MON, SEP 18, 2017 (1:24:47)

Universities that foster reasoned and thoughtful debate are vital to a thriving society. Since the passage of the Bill of Rights, Americans have enjoyed the right to free expression. Many forms of offensive speech are protected by the First Amendment, while obscenity and certain types of violent expression are not.

Pressure to snuff out free speech is increasing. From Middlebury College to UC Berkeley, protests have erupted into violence, turning the “marketplace of ideas” into a danger area for freedom of expression. How can universities strike a balance between free expression and the need for campus peace and safety? What, if any, restrictions should be placed on student expression at a private institution?

+ BIO: Susan Kruth, J.D.

Susan Kruth, J.D., is the Senior Program Officer, legal and public advocacy, for FIRE (Foundation for Individual Rights in Education). A graduate of the Univeristy of Virginia School of Law, Kruth began by working to protect free speech through a fellowship with the Thomas Jefferson Center for the Protection of Free Expression in Charlottesville, VA. She has also completed civil rights internships with the Transgender Legal Defense & Education Fund and the American Civil Liberties Union LGBT & AIDS Project.

Kruth is the author of numerous articles, listed in FIRE’s and other online publications; for example, “Professors’ Rights to Free Speech at Risk Nationwide,” The Huffington Post, 25 November 2014.

+ BIO: Reginald Oh, J.D.

Reginald Oh, J.D., is a prolific constitutional law scholar whose work focuses on distributive justice — the ways in which justice succeeds or fails when gender and race are involved. He has in the past two years spoken at more than 30 national and international conferences. For example, he presented “Race, Racism and Belonging” at the International Congress for Law and Mental Health in Padua, Italy.

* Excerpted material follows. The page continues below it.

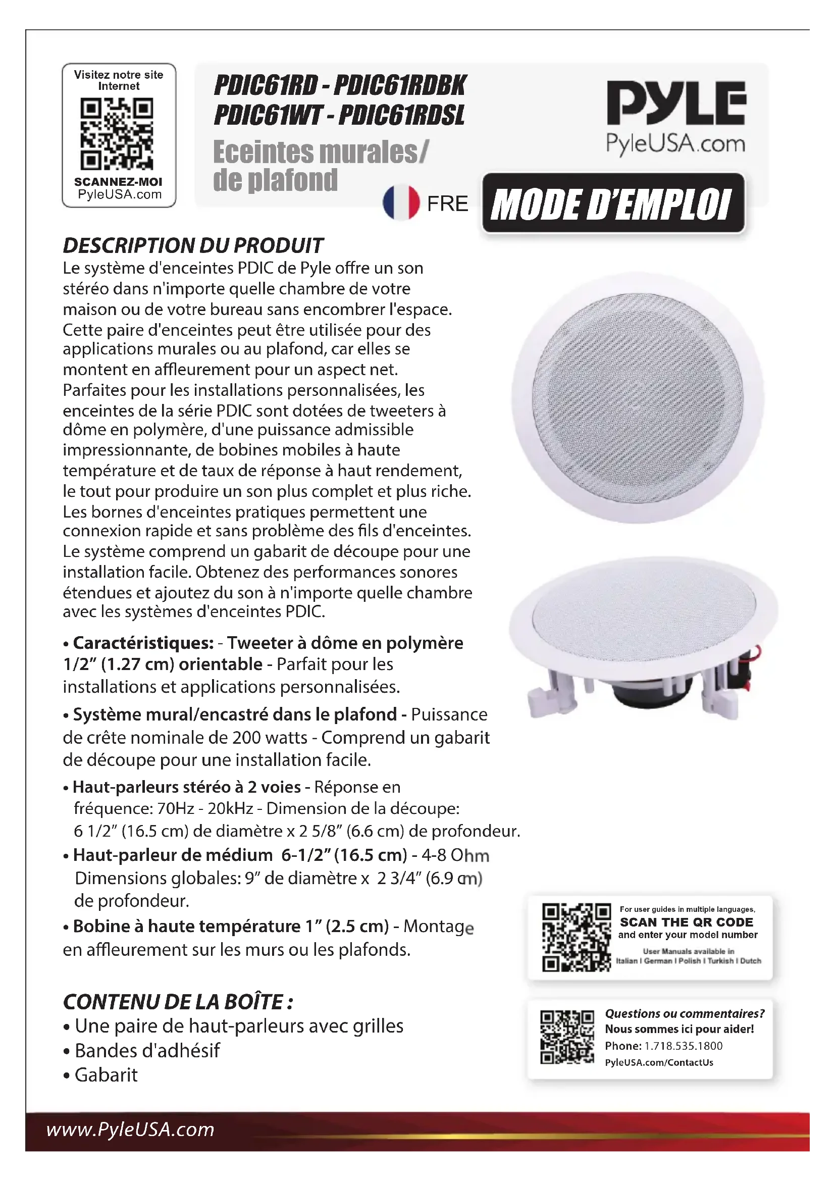 - Avec les systèmes de son surround multicanaux, il est essentiel de connecter tous les haut-parleurs avec la bonne polarité an de préserver l'ambiance et la directionnalité du programme. ENCEINTES AU PLAFOND DE LA CONSTRUCTION EXISTANTES• If using multiple pairs of main speakers, check if the impedance requirements of your receiver/amplier are met. Register Product Thank you for choosing PyleUSA. By registering your product, you ensure that you receive the full benets of our exclusive warranty and personalized customer support. Complétez le formulaire pour accéder à une prise en charge experte et pour conserver votre achat PyleUSA en parfait état. www.PyleUSA.com INSTALLATION Les enceintes murales/plafonds ont été conçues pour être facilement installées. Toutefois, si vous n'êtes pas sûr de pouvoir installer correctement ces enceintes, veuillez contacter votre revendeur ou un installateur qualié. DÉPANNAGE Si aucun son ne sort d'un des haut-parleurs: If the system plays at low volumes but shuts o as volume is increased:

At Cleveland-Marshall, Professor Oh teaches seminars on the Fourteenth Amendment and on Legal Issues in Education. His articles, such as “Interracial Marriage in the Shadows of Jim Crow: Racial Segregation as Racial and Gender Subordination,” focus on history, politics, linguistic analysis and race and gender. “Regulating White Desire: Anti-miscegenation, Racial Segregation and the Protection of White Supremacy,” which examines the gendered nature of racial segregation, is forthcoming in the Wisconsin Law Review.